» **TO DO**: Pictures are to be left out, and only the lines below starting at the one with "Наверное, полчаса - это" and ending at the one with "Tamaris γυναικείο πορτοφόλι, σε" are to be reproduced, each exactly, both ends included.

» **INFORMATION SUPPLIED**:
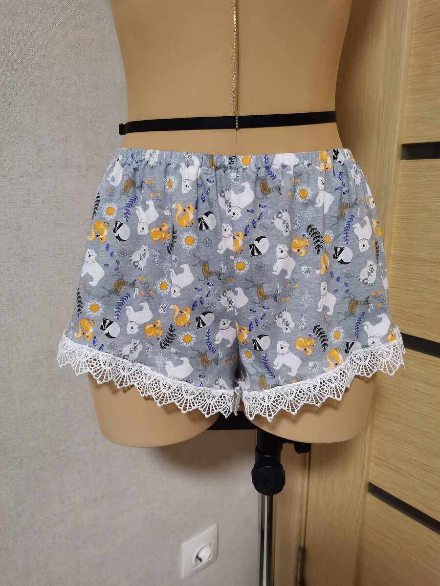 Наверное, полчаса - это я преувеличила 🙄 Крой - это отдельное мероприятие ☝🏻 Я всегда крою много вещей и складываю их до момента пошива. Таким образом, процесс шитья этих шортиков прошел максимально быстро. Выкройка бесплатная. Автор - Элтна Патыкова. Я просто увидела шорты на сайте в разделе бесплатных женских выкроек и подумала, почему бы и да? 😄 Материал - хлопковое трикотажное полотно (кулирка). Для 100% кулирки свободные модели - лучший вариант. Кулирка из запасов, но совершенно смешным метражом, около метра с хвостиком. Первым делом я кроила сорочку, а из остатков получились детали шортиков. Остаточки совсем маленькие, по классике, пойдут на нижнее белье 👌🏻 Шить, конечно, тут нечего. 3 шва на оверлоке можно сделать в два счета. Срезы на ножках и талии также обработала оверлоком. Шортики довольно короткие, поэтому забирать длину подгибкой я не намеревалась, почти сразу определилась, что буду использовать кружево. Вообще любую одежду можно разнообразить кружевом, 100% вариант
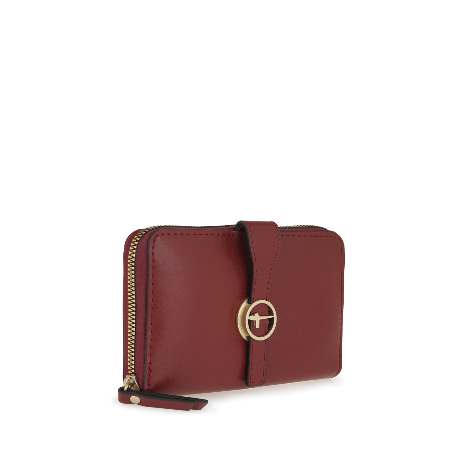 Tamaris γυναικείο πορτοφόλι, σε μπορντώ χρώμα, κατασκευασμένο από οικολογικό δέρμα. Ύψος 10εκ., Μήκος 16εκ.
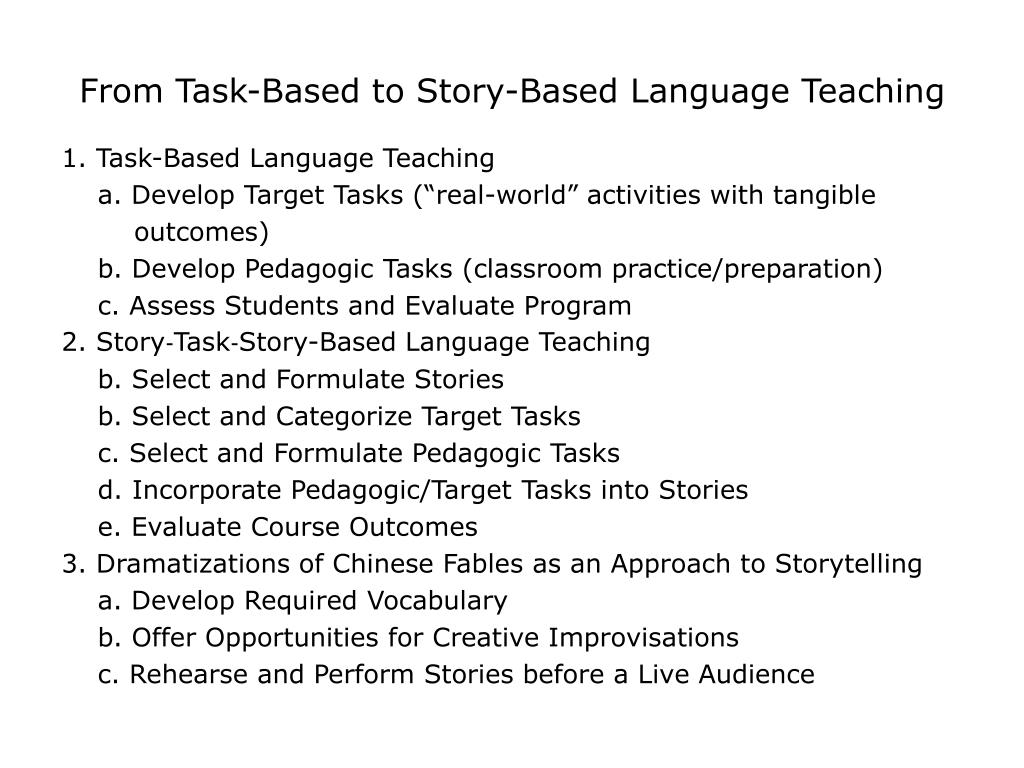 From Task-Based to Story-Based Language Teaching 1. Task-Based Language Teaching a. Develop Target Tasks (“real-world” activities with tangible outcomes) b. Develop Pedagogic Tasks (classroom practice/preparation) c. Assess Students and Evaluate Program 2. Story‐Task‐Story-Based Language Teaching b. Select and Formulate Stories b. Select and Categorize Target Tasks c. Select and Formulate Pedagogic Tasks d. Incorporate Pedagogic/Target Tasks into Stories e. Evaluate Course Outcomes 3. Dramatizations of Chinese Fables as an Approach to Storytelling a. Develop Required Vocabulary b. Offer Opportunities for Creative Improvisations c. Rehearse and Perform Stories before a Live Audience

* * *

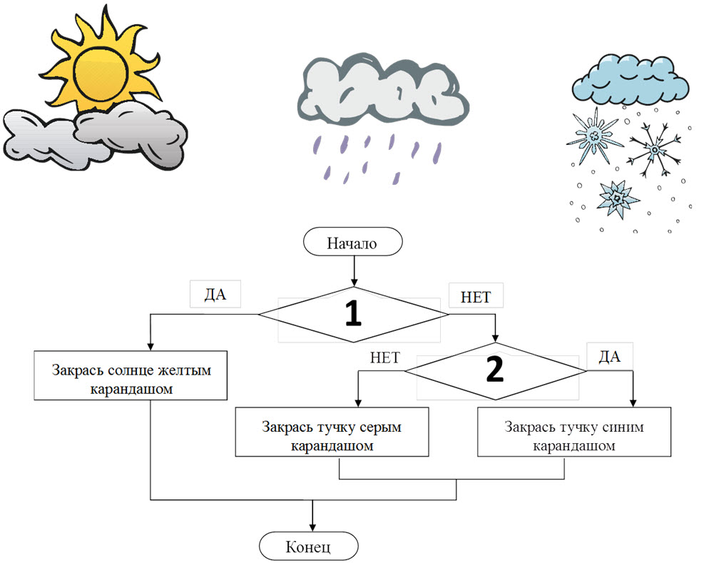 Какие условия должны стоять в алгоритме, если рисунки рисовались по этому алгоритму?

» **ANSWER TO THIS EXERCISE**:
 Наверное, полчаса - это я преувеличила 🙄 Крой - это отдельное мероприятие ☝🏻 Я всегда крою много вещей и складываю их до момента пошива. Таким образом, процесс шитья этих шортиков прошел максимально быстро. Выкройка бесплатная. Автор - Элтна Патыкова. Я просто увидела шорты на сайте в разделе бесплатных женских выкроек и подумала, почему бы и да? 😄 Материал - хлопковое трикотажное полотно (кулирка). Для 100% кулирки свободные модели - лучший вариант. Кулирка из запасов, но совершенно смешным метражом, около метра с хвостиком. Первым делом я кроила сорочку, а из остатков получились детали шортиков. Остаточки совсем маленькие, по классике, пойдут на нижнее белье 👌🏻 Шить, конечно, тут нечего. 3 шва на оверлоке можно сделать в два счета. Срезы на ножках и талии также обработала оверлоком. Шортики довольно короткие, поэтому забирать длину подгибкой я не намеревалась, почти сразу определилась, что буду использовать кружево. Вообще любую одежду можно разнообразить кружевом, 100% вариант
 Tamaris γυναικείο πορτοφόλι, σε μπορντώ χρώμα, κατασκευασμένο από οικολογικό δέρμα. Ύψος 10εκ., Μήκος 16εκ.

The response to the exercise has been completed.